How Do We Pay for $5 Trillion CARES Act Debt?

One person asked whether there will be a large increase in taxes to pay for the CARES Act and how do we grow ourselves out of the debt?

Mr. Moore answered, “We are close to government spending being nearly 50% of GDP, which is beyond Bernie Sanders’ wildest dreams. More commerce flows through government than the private sector, hopefully that will be temporary. We are growing debt by $5 trillion this year to a total of somewhere near $26 trillion by the end of the year, a daunting number which will be a burden on future taxpayers.”

He said there are some offsetting benefits of the negative effects of the debt. First, interest rates are very low.  The 30 year treasury is at a 1.5% interest rate. He suggested policymakers ought to consider locking in those low interest rates with 50 year bonds because in three or five years rates will go up.

He said the best plan for overcoming the national debt is pro growth economic policies. However, he said Joe Biden and Nancy Pelosi’s plan is major tax increases in 2021 including income tax, payroll tax, wealth tax, energy tax, and green taxes on carbon, which together will never pay for $5 trillion debt, we just have to grow the economy, he said. 

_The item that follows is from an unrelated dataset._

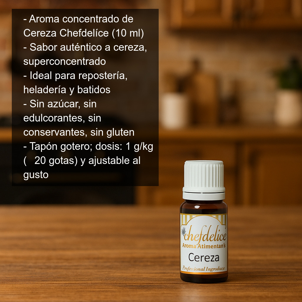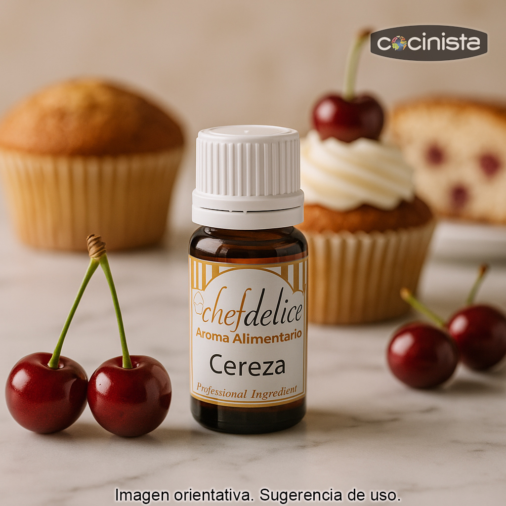 Aroma concentrado de Cereza (10 ml) para repostería y postres: un aroma alimentario superconcentrado con auténtico sabor a cereza, ideal para dar un toque intenso y “redondo” a tus elaboraciones con muy poca cantidad. Perfecto para aromatizar bizcochos, magdalenas, cupcakes, galletas, fondant, frosting, cremas, batidos, helados y otras preparaciones de pastelería y heladería.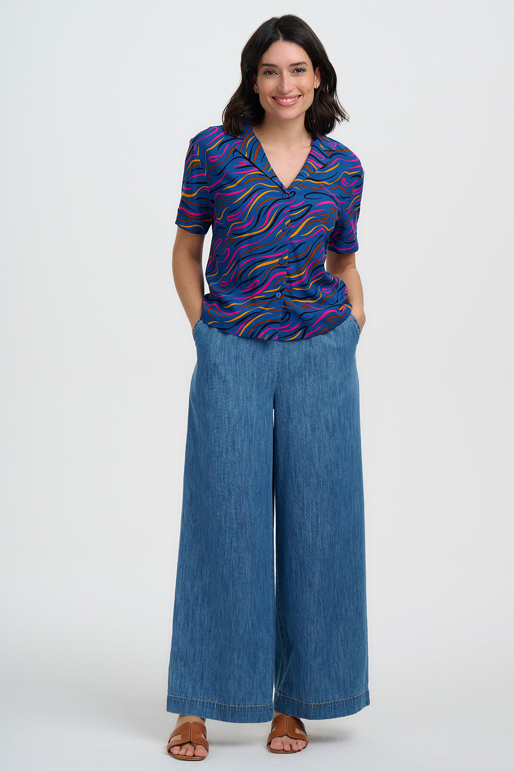 The Sugarhill Odele Shirt to sits just above the hip, short-sleeve shirt with revere collar, turned-back cuffs, and button through the front. Bright tiger-stripe waves in orange, pink, and black flowing across a deep blue background.

Mr. Moore noted that the US lived through WWII with debt as high as it is now, we just need to make sure it’s not permanent

Should Capital Gains Be Taxed as Ordinary Income?

Mr. Moore said the proposal to tax capital gains as ordinary income would be catastrophic to the economy especially in the poorest neighborhoods. “What do the neighborhoods that are burning and with high poverty lack? Education and capital investment. The tragedy of the riots and burnings are turning capital away from those neighborhoods. And they’re not coming back. The Targets, WalMarts, and Walgreens are not coming back to those neighborhoods. Capital gains should not be taxed as ordinary income because it was already taxed at the corporate level; it should not be taxed twice. 

In closing, Mr. Moore said, “The Utah Taxpayers Association is one of the most effective Taxpayer Groups in the United States and I applaud what you do.”